Justamente por isso diferentes grupos sociais historicamente estigmatizados


emergiram no campo dos museus e se apropriaram desse instrumento como um
importante mecanismo de empoderamento de suas identidades culturais e como
arma política de suas pautas sociais. Dito de outra forma, os processos de
musealização, nesse contexto, são resultado de um jogo social onde a conformação
de memórias coletivas é politizada, ou seja, são atreladas às demandas e lutas
sociais de grupos subalternizados, mas insurgentes.
A partir do poder dos museus, esses grupos buscam a valorização de suas
identidades e referências culturais, e o utilizam como arma política e estética contra
as opressões e injustiças sociais por que passam nos territórios onde vivem. É a
apropriação de uma instituição forjada e concebida para as elites
político-econômicas para a afirmação e legitimação de valores de grupos
subalternizados, nas fissuras possíveis dentro das relações de poder e disputas que
permeiam a conformação das memórias coletivas pelos museus.

[1] Graduado em Letras e especialista em Gestão de Políticas Públicas de Cultura pela Universidade
de Brasília. Mestre e doutorando em Sociologia pela Universidade Federal da Paraíba.É da carreira
de Especialista em Políticas Públicas e Gestão Governamental do Ministério da Economia. Membro
da Rede de Educadores em Museus da Paraíba-REM/PB. Pesquisador na Rede de Pesquisa e
(In)Formação em Museologia, Memória e Patrimônio (REDMus), da UFPB, e no Grupo de Pesquisa
Museologias Insurgentes en Nuestra América - MINA, da Universidade Lusófona de Humanidades e
Tecnologias.

[2] Muito do que aqui é explanado, por exemplo, baseia-se na minha pesquisa de mestrado
publicada pela editora da UFPB, com o título “Espaços que suscitam sonhos: Narrativas de memórias
e identidades no Museu Comunitário Vivo Olho do Tempo” (2017).

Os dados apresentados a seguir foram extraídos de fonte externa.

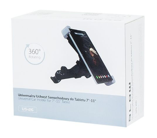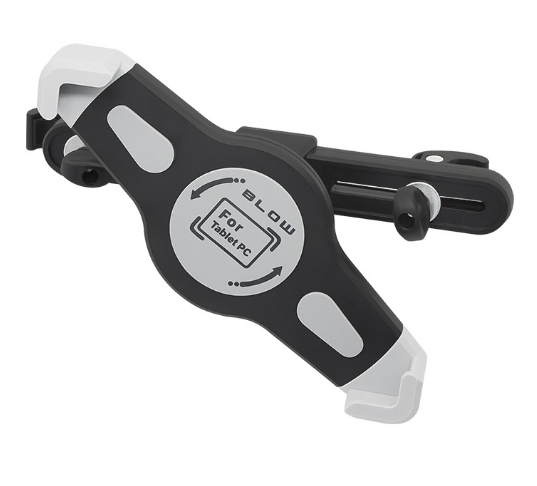 O suporte universal para tablet BLOW no encosto de cabeça permite que você use dispositivos portáteis enquanto conduz. O produto tem um design atraente e permite que você ajuste o dispositivo em um ângulo conveniente.
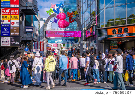 日本の東京都市景観 原宿駅竹下口 竹下通り

[3] CHAGAS, Mario de Souza. A imaginação museal: museu, memória e poder em Gustavo Barroso,
Gilberto Freyre e Darcy Ribeiro. Rio de Janeiro: MinC/Ibram, 2009.

[4] BERGER, Peter L. Perspectivas sociológicas: uma visão humanista. Petrópolis: Vozes, 2014.

[5] Inclusive aqui na Revista Museu, no texto que escrevi por conta do Dia Internacional dos Museus
em 2017, que trouxe como tema “Museus e histórias controversas: dizer o indizível nos museus”,
disponível em
https://www.revistamuseu.com.br/site/br/artigos/18-de-maio/18-maio-2017/2798-os-museus-e-as-voz
es-das-memorias-de-resistencia.html.